→ MATERIAL SUPPLIED
####################

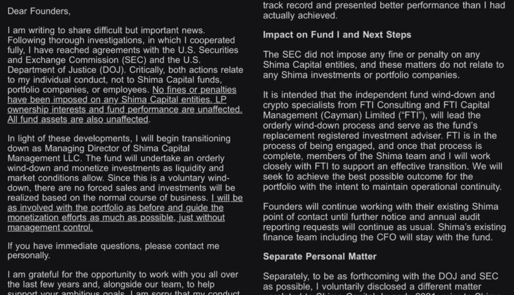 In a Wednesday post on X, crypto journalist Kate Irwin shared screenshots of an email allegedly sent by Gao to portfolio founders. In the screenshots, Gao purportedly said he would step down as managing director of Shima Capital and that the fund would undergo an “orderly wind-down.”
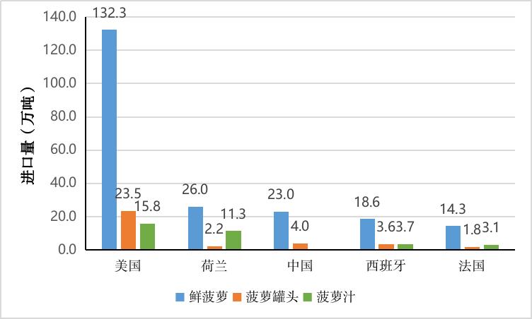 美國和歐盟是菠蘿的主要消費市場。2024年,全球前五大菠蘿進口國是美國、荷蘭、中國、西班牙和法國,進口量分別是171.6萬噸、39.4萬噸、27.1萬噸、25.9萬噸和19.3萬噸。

####################

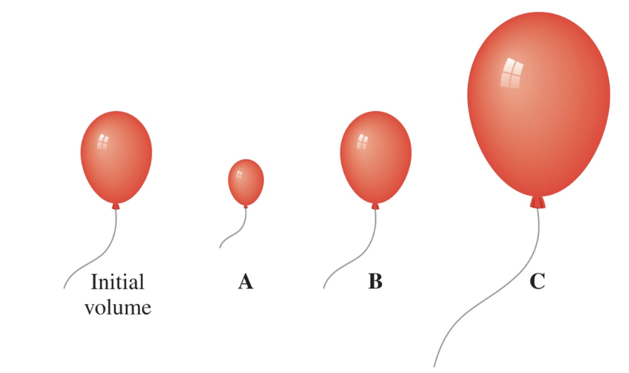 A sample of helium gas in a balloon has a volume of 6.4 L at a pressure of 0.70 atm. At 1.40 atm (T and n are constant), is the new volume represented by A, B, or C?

####################

Look above for the line with "In a Wednesday" and the line with "美國和歐盟是菠蘿的主要消費市". Output those two and everything between them exactly, pictures excluded.

→ OUTPUT FOR THIS TASK
 In a Wednesday post on X, crypto journalist Kate Irwin shared screenshots of an email allegedly sent by Gao to portfolio founders. In the screenshots, Gao purportedly said he would step down as managing director of Shima Capital and that the fund would undergo an “orderly wind-down.”
 美國和歐盟是菠蘿的主要消費市場。2024年,全球前五大菠蘿進口國是美國、荷蘭、中國、西班牙和法國,進口量分別是171.6萬噸、39.4萬噸、27.1萬噸、25.9萬噸和19.3萬噸。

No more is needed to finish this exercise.